DATA EXCERPT:
• • • •

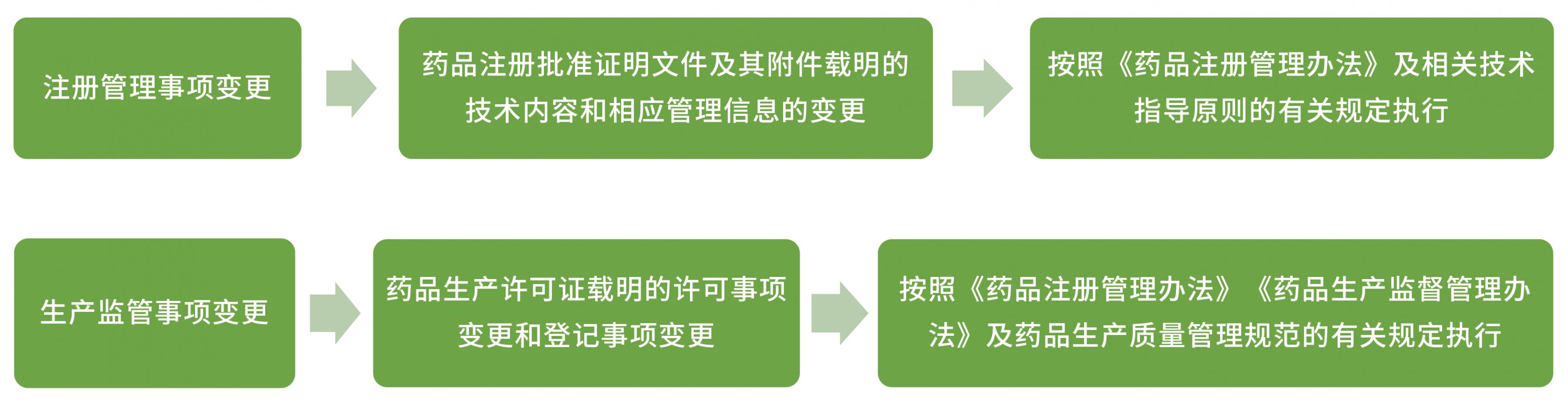 藥品上市后變更包括注冊管理事項(xiàng)變更和生產(chǎn)監(jiān)管事項(xiàng)變更,也就是涉及注冊批件和生產(chǎn)許可證相關(guān)事項(xiàng)的變更。依據(jù)變更對藥品安全性、有效性和質(zhì)量可控性的風(fēng)險(xiǎn)和產(chǎn)生影響的程度,將變更劃分為審評類變更,備案類變更和報(bào)告類變更。
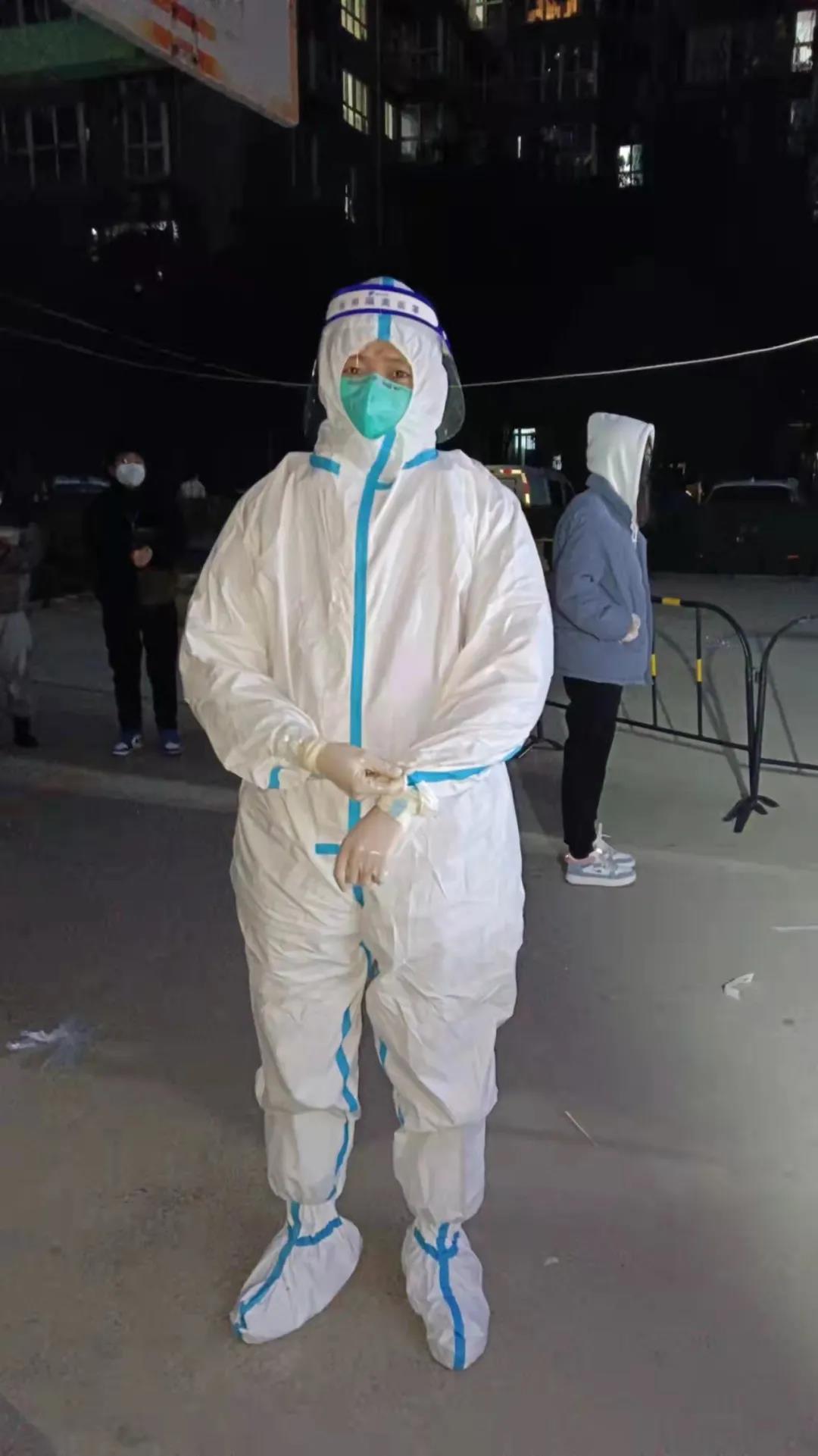 隔离刚开始的时候整个小区的个别群众陷入了恐慌中,跑下楼要强行闯出,少数群众出现焦虑在楼道走来走去,志愿者见状一一劝他们回家。姜聪住的这个小区有两栋楼,约3000住户,每天都有大量生活物资堆在小区的门口等待进行消杀后分拣送达。姜聪积极协助医护人员一户一户的做核酸,做完核酸后一遍一遍的对每一层楼进行消杀,同时还要马不停蹄的分拣配送物资。在电话交流中,姜聪谈到自己的体验,“第一次感受到防护服是真的热,感受到医护人员的辛苦,戴着口罩和防护面罩稍微跑动一下就闷的喘不上气,汗水顺着头发丝流进脖子里,脱下防护服是真的酸爽,夹杂着浓郁的汗臭味,防护面具下的头发紧紧贴在头皮上,脸上全是勒痕。全天不敢喝水不敢多吃就怕去厕所,一套防护服是80元,真的不能浪费。第一天下来,深感医护人员的辛苦,对医护人员更多了一份钦佩和尊重。”
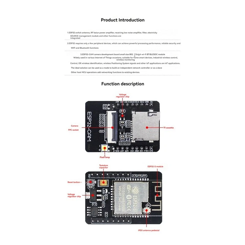 ESP32-CAM-Entwicklungsboard WiFi-Modul ESP32 WIFI Bluetooth IoT Motherboard3295 {LIS_PIC} 1. 32-Bit Dual-Core-CPU mit geringem Stromverbrauch, kann als Anwendungsprozessor verwendet werden 2. Hauptfrequenz bis zu 240 MHz, Rechenleistung bis zu 600 MIPS 3. Eingebautes 520 KB , externes 4M PSRAM 4. Unterstützt UART/SP/I2C/PWM/ADC/ und andere Schnittstellen 5. Unterstützt OV2640- und OV7670-Kameras, eingebauter 6. Unterstützt das Hochladen von Bildern über WLAN 7. Unterstützt TF-Karte 8. Unterstützt mehrere Schlafmodi 9. Embedded wip und FreeRTOS 10. Unterstützt den STA/AP/STA+AP-Arbeitsmodus 11. Unterstützt SMart Confing/Airkiss Netzwerkkonfiguration mit nur einer Taste 12. Sekundärentwicklung unterstützen Aufgrund unterschiedlicher Chargen kann es zu Unterschieden im Aussehen, der Farbe und dem aufgedruckten Text des Produkts kommen, die jedoch keinen Einfluss auf die Verwendung haben. Farbe: Schwarz Material: PCB Paketinhalt: 1x Entwicklungsboard

• • • •

ABOUT THIS TASK: Would you copy all the material exactly, dropping the pictures?

RESULT OF THIS TASK:
 藥品上市后變更包括注冊管理事項(xiàng)變更和生產(chǎn)監(jiān)管事項(xiàng)變更,也就是涉及注冊批件和生產(chǎn)許可證相關(guān)事項(xiàng)的變更。依據(jù)變更對藥品安全性、有效性和質(zhì)量可控性的風(fēng)險(xiǎn)和產(chǎn)生影響的程度,將變更劃分為審評類變更,備案類變更和報(bào)告類變更。
 隔离刚开始的时候整个小区的个别群众陷入了恐慌中,跑下楼要强行闯出,少数群众出现焦虑在楼道走来走去,志愿者见状一一劝他们回家。姜聪住的这个小区有两栋楼,约3000住户,每天都有大量生活物资堆在小区的门口等待进行消杀后分拣送达。姜聪积极协助医护人员一户一户的做核酸,做完核酸后一遍一遍的对每一层楼进行消杀,同时还要马不停蹄的分拣配送物资。在电话交流中,姜聪谈到自己的体验,“第一次感受到防护服是真的热,感受到医护人员的辛苦,戴着口罩和防护面罩稍微跑动一下就闷的喘不上气,汗水顺着头发丝流进脖子里,脱下防护服是真的酸爽,夹杂着浓郁的汗臭味,防护面具下的头发紧紧贴在头皮上,脸上全是勒痕。全天不敢喝水不敢多吃就怕去厕所,一套防护服是80元,真的不能浪费。第一天下来,深感医护人员的辛苦,对医护人员更多了一份钦佩和尊重。”
 ESP32-CAM-Entwicklungsboard WiFi-Modul ESP32 WIFI Bluetooth IoT Motherboard3295 {LIS_PIC} 1. 32-Bit Dual-Core-CPU mit geringem Stromverbrauch, kann als Anwendungsprozessor verwendet werden 2. Hauptfrequenz bis zu 240 MHz, Rechenleistung bis zu 600 MIPS 3. Eingebautes 520 KB , externes 4M PSRAM 4. Unterstützt UART/SP/I2C/PWM/ADC/ und andere Schnittstellen 5. Unterstützt OV2640- und OV7670-Kameras, eingebauter 6. Unterstützt das Hochladen von Bildern über WLAN 7. Unterstützt TF-Karte 8. Unterstützt mehrere Schlafmodi 9. Embedded wip und FreeRTOS 10. Unterstützt den STA/AP/STA+AP-Arbeitsmodus 11. Unterstützt SMart Confing/Airkiss Netzwerkkonfiguration mit nur einer Taste 12. Sekundärentwicklung unterstützen Aufgrund unterschiedlicher Chargen kann es zu Unterschieden im Aussehen, der Farbe und dem aufgedruckten Text des Produkts kommen, die jedoch keinen Einfluss auf die Verwendung haben. Farbe: Schwarz Material: PCB Paketinhalt: 1x Entwicklungsboard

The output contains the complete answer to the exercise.